EXERCISE INSTRUCTIONS: Your answer should consist only of the lines below from the one with "The middle scene" through the one with "Cocinar es una", copied exactly.
##### DATA FOR REVIEW #####
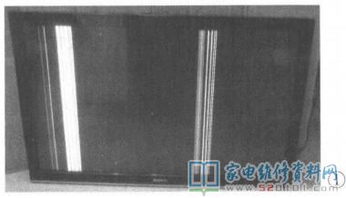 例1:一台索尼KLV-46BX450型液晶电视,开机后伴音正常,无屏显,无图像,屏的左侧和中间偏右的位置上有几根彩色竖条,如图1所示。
#####
##### DATA FOR REVIEW #####
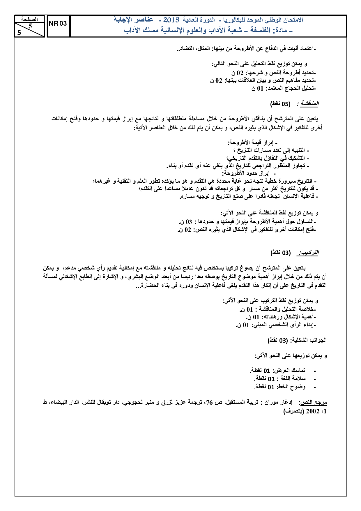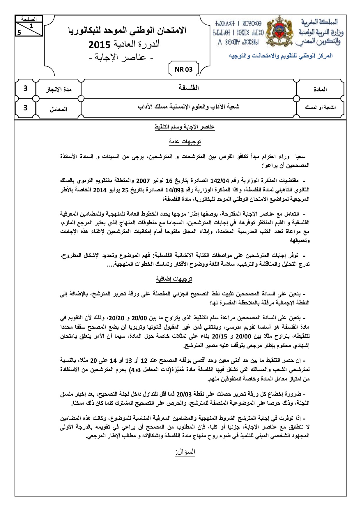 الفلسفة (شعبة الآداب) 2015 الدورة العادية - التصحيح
#####
##### DATA FOR REVIEW #####
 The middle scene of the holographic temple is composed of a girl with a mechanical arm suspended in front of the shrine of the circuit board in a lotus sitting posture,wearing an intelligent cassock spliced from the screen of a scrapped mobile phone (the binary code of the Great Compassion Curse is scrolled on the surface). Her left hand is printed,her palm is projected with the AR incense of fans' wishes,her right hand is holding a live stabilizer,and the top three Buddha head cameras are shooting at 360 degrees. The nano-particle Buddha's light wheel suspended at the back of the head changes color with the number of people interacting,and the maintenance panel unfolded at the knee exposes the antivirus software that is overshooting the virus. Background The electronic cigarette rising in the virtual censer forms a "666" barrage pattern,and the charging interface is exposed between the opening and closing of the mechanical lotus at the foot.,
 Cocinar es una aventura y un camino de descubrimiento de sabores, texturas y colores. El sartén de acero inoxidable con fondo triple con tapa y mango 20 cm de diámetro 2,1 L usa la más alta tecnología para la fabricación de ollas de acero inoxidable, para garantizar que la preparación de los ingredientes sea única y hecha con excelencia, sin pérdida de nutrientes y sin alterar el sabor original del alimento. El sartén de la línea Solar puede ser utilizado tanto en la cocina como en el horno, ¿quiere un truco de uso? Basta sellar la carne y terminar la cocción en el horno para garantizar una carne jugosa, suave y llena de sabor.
#####
ANSWER FOR THIS EXERCISE:
 The middle scene of the holographic temple is composed of a girl with a mechanical arm suspended in front of the shrine of the circuit board in a lotus sitting posture,wearing an intelligent cassock spliced from the screen of a scrapped mobile phone (the binary code of the Great Compassion Curse is scrolled on the surface). Her left hand is printed,her palm is projected with the AR incense of fans' wishes,her right hand is holding a live stabilizer,and the top three Buddha head cameras are shooting at 360 degrees. The nano-particle Buddha's light wheel suspended at the back of the head changes color with the number of people interacting,and the maintenance panel unfolded at the knee exposes the antivirus software that is overshooting the virus. Background The electronic cigarette rising in the virtual censer forms a "666" barrage pattern,and the charging interface is exposed between the opening and closing of the mechanical lotus at the foot.,
 Cocinar es una aventura y un camino de descubrimiento de sabores, texturas y colores. El sartén de acero inoxidable con fondo triple con tapa y mango 20 cm de diámetro 2,1 L usa la más alta tecnología para la fabricación de ollas de acero inoxidable, para garantizar que la preparación de los ingredientes sea única y hecha con excelencia, sin pérdida de nutrientes y sin alterar el sabor original del alimento. El sartén de la línea Solar puede ser utilizado tanto en la cocina como en el horno, ¿quiere un truco de uso? Basta sellar la carne y terminar la cocción en el horno para garantizar una carne jugosa, suave y llena de sabor.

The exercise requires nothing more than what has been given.